Maybe he was trying to appeal to the broadest audience possible with this, and the stuff that resonated with me doesn’t resonate with someone else. Fine. But if that is the case, then this book could be summed up as “work hard, be flexible, and don’t take anything super personally.”

Another aspect the author didn’t touch on as much as I thought necessary was luck. He preaches gratitude to be able to create art as a living, but goes on to say that it might not be for everyone. That it’s too hard to do, it demands too much. Again, there is some truth to that, but look someone in the eyes who has to work 12 hour shifts every day in the oil fields and tell me making art and struggling in a city is “too hard.” I don’t think the author acknowledged getting lucky nearly enough; knowing the right people at the right time and taking the right risks is just as (if not more) important to making it as an artist as the actual quality of the art (which while subjective, still has to have some objective appeal).

The last bit, and the reason it took so long to get to the review, was that it wasn’t enjoyable to read. It didn’t engage me, it didn’t demand anything from me. I learned some things that I will take with me when making art going forward, but as a written piece I wasn’t impressed.

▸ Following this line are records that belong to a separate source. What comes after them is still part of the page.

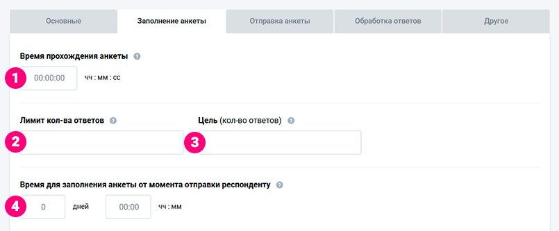 Заполнение анкеты — блок настроек для установки временны́х ограничений, лимита получаемых ответов и доступа к анкете по авторизации.
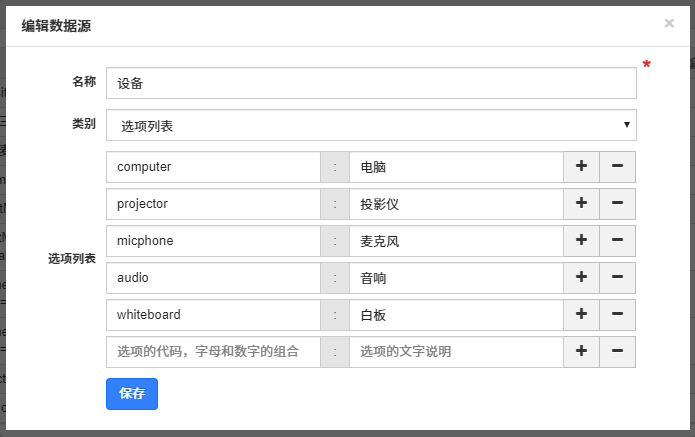 在这里我们需要创建子流程会议室的数据源:设备、工作日。
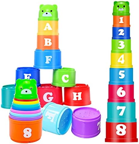 ✓ 8 pieces included ✓ Indoor/outdoor universal ✓ Good containerIn addition to stacking, you can also let your baby play with water in the bath ✓ The cup has animalsMaximize the innocence of babies ✓ The perfect gift Exquisite workmanship is a gift for children. It is a wonderful and exquisite gift. ✓Color perception The colorful design attracts the attention of babies, allowing them to exercise their color perception ability during training so as to enjoy the beauty of the world. ✓High quality materials The baby stack is made of high-quality plastic materials to ensure maximum durability. The finely polished surface has no burrs, which can ensure the safety of children’s play. ▲▲▲Recommended age: 6+ month 🌈[Classic Colorful Baby Stacking Cups Toy]: cups of eight colors can be stacked anyway.Baby can stack them up,knock them down, nest inside each other, splash around, or build a sandcastle.Intended for babies, toddlers and early learners of 6 months to 3 years old. ✨ [Build Up Skills while Playing]:As a learning & education toys, each color cup represents a color, and the cup body has a combination of numbers and letters, which can be used to practice calculations and learn letters.Stimulate their hand-eye coordination and flexibility through simple touch or overlay. 🎉[Make It Playtime, Anytime!]:These colorful stacking cups can be used in many kinds of play such as: stacking, nesting, shape sorting, bath toys, beach toys, and more. Stack them high, nest inside each other, or knock them down again and again indoor or outdoor.Create the craziest sand castles and towers at the beach. Kids can also use them to play in the water while bathing. 💚[Friendly to the Human Body]: does not contain BPA, lead and other harmful substances to the human body.100% meets toy standards. learning while playing. Smooth edges without burrs,does not hurt the baby’s delicate skin. 💟 [100% Satisfactory Service]: If you have any questions, or if you think all the content does not match the description in the advertisement, please feel free to contact us and we will reply within 24 hours.

Not every written work has to be deeply profound, but this books lessons are almost two to three bite size chunks of ideas rather than one cohesive whole. It felt half-baked, unrefined, almost unedited. I expected more.

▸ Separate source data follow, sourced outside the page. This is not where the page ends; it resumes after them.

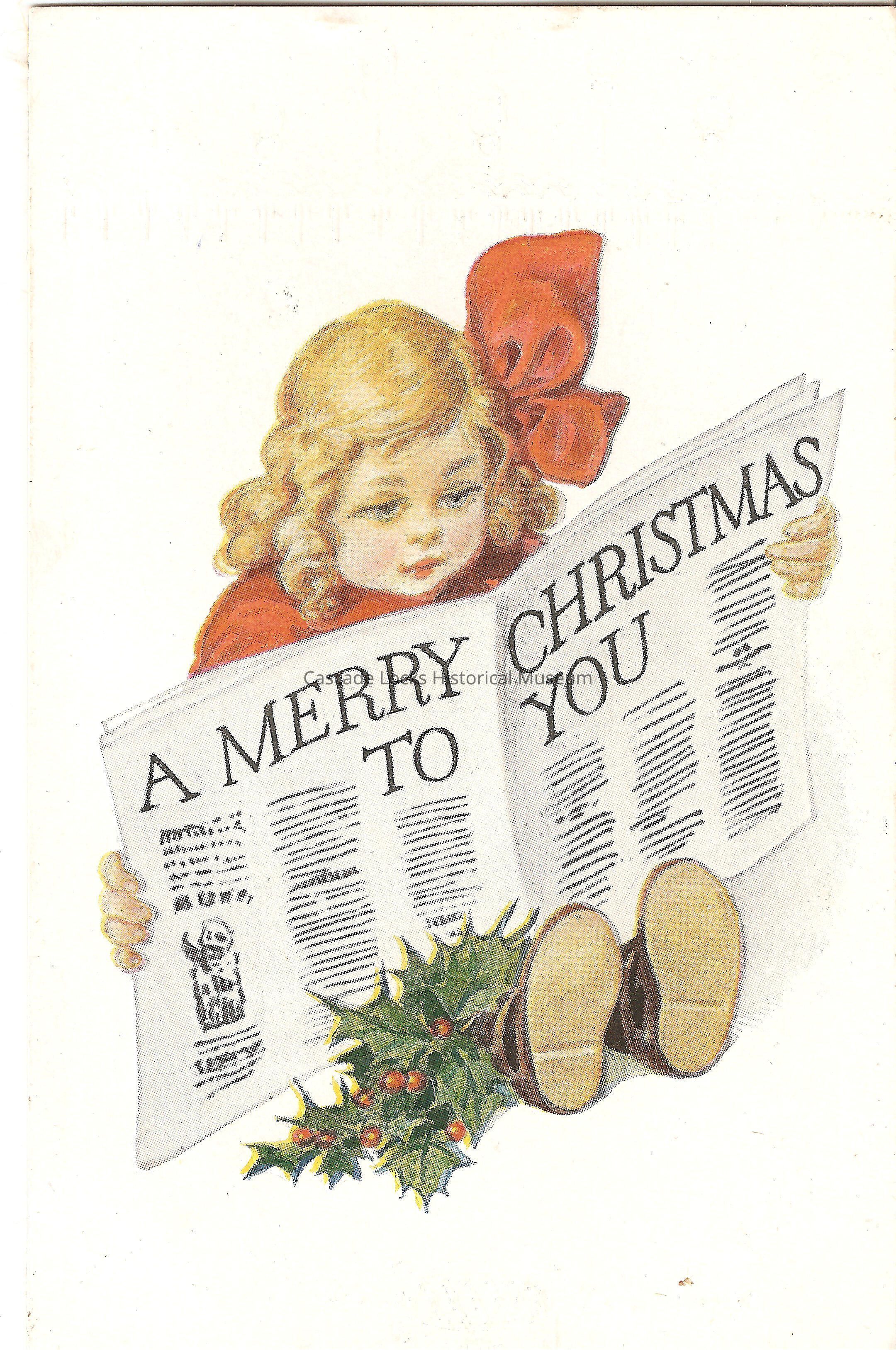 Post Card, illustrated image of a young girl reading a news paper with the title, "A Merry Christmas to you." On the girls legs is bunches of holly.
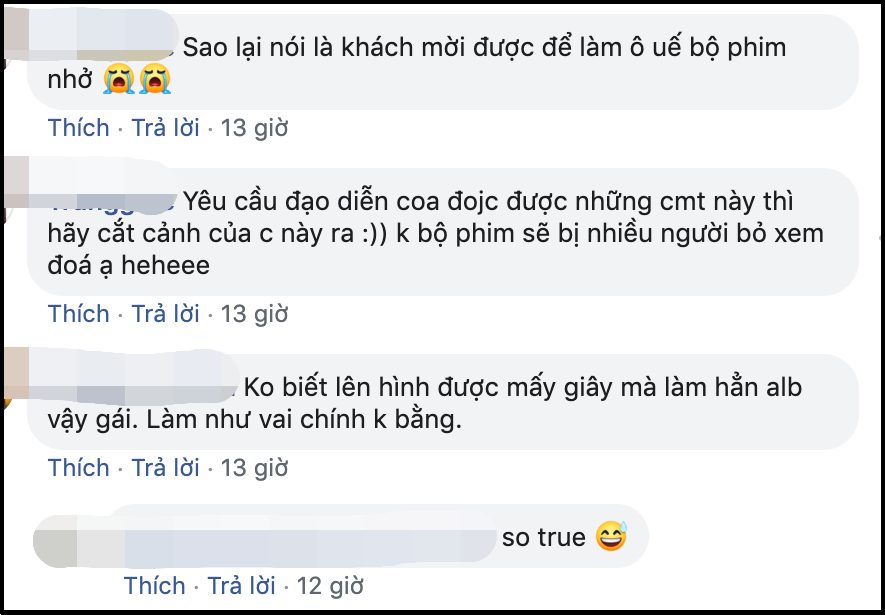 ”Có một cảnh quay ngắn thôi mà, nhất thiết phải làm lố vậy không? Tiểu tam mà cứ như vai chính ấy nhỉ. Tự hào quá cơ”
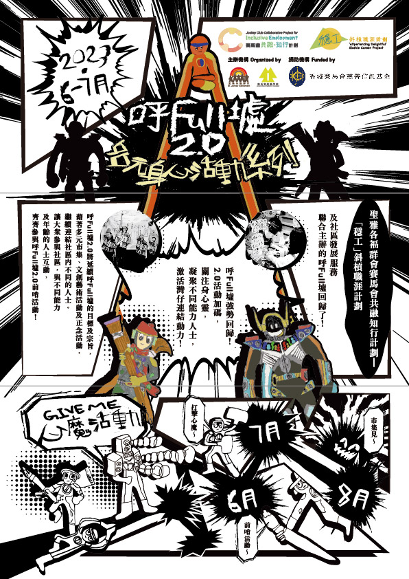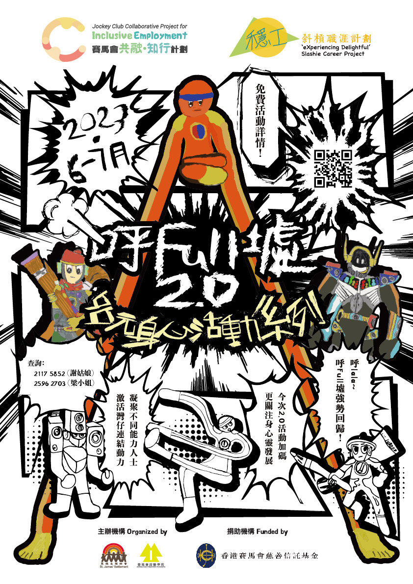 呼Full墟2.0由聖雅各福群會賽馬會共融知行計劃 -「穩工」斜槓職涯計劃及社區發展服務聯合主辦 ,冀透過活動向公眾散播自我關顧的重要性,提升社區人士對自身身心靈健康的關注。活動內容豐富,包括多元市集、文創藝術活動及正念(mindfulness)活動等等,一方面繼續希望透過與推廣身心靈的機構協作,提供相關元素的工作坊或活動,喚醒灣仔區内更多社區人士對身心靈健康的關注;另一方面連結社區内不同的人士,讓大衆參與社區,與不同能力及年齡的人士互動,凝聚歡樂的氣氛。

While there were some true pieces of wisdom in this, I was overall disappointed. I wasn’t excited to read more, many of the lessons were contradictory, and it was a slog to get through. I might consider returning to it in five to ten years to see if my perspective changes, but as it stands I can only recommend reading this as follows: when you’re feeling uninspired, flip to a random chapter, and read it. Do this sparingly to help yourself out of a rut; do it too often and you may end up with more questions than answers.